- _COLLECTED DATA_:
————

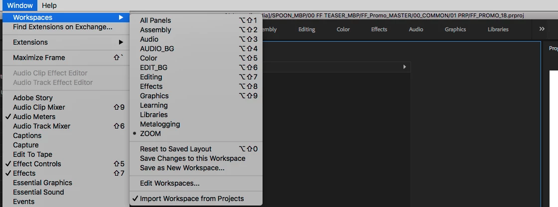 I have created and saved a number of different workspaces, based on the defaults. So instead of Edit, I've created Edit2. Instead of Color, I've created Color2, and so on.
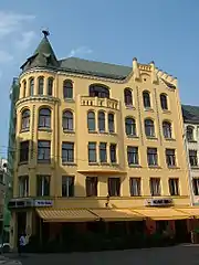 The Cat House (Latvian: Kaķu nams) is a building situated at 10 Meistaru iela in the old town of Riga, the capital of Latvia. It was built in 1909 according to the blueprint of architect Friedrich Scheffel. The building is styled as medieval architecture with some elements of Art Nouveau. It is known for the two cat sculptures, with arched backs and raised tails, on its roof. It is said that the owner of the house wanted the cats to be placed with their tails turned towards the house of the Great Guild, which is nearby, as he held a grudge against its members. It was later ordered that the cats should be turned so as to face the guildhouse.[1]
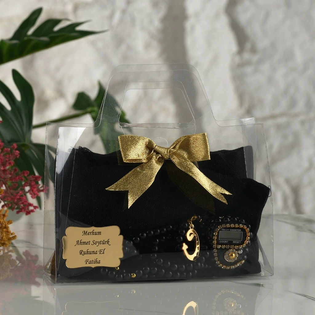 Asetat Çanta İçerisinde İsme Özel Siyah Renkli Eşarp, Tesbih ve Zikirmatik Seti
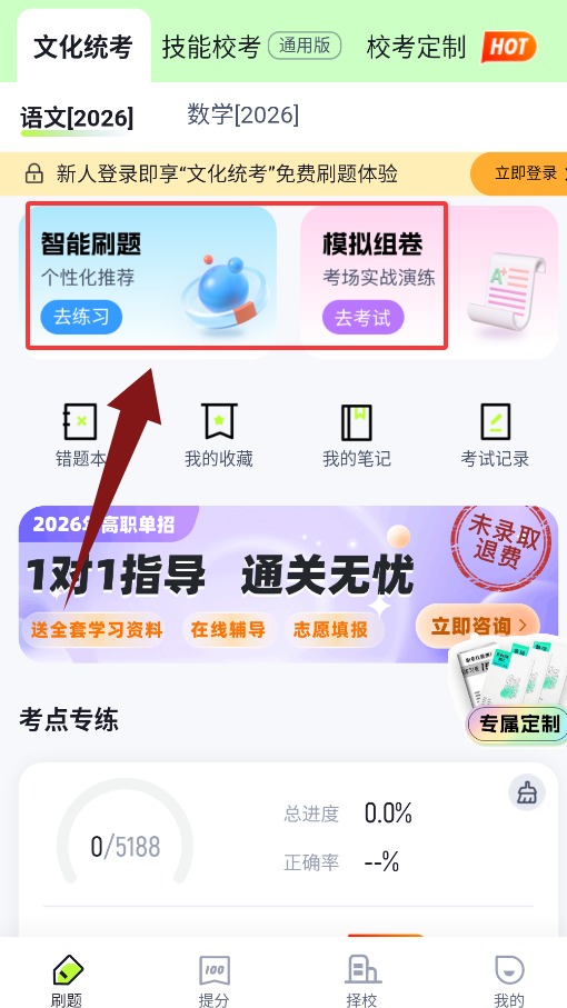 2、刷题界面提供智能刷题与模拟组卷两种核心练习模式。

————

- _ACTION ITEM_: Provide a precise transcription of the listing, excluding each picture.

- _TASK OUTPUT_:
 I have created and saved a number of different workspaces, based on the defaults. So instead of Edit, I've created Edit2. Instead of Color, I've created Color2, and so on.
 The Cat House (Latvian: Kaķu nams) is a building situated at 10 Meistaru iela in the old town of Riga, the capital of Latvia. It was built in 1909 according to the blueprint of architect Friedrich Scheffel. The building is styled as medieval architecture with some elements of Art Nouveau. It is known for the two cat sculptures, with arched backs and raised tails, on its roof. It is said that the owner of the house wanted the cats to be placed with their tails turned towards the house of the Great Guild, which is nearby, as he held a grudge against its members. It was later ordered that the cats should be turned so as to face the guildhouse.[1]
 Asetat Çanta İçerisinde İsme Özel Siyah Renkli Eşarp, Tesbih ve Zikirmatik Seti
 2、刷题界面提供智能刷题与模拟组卷两种核心练习模式。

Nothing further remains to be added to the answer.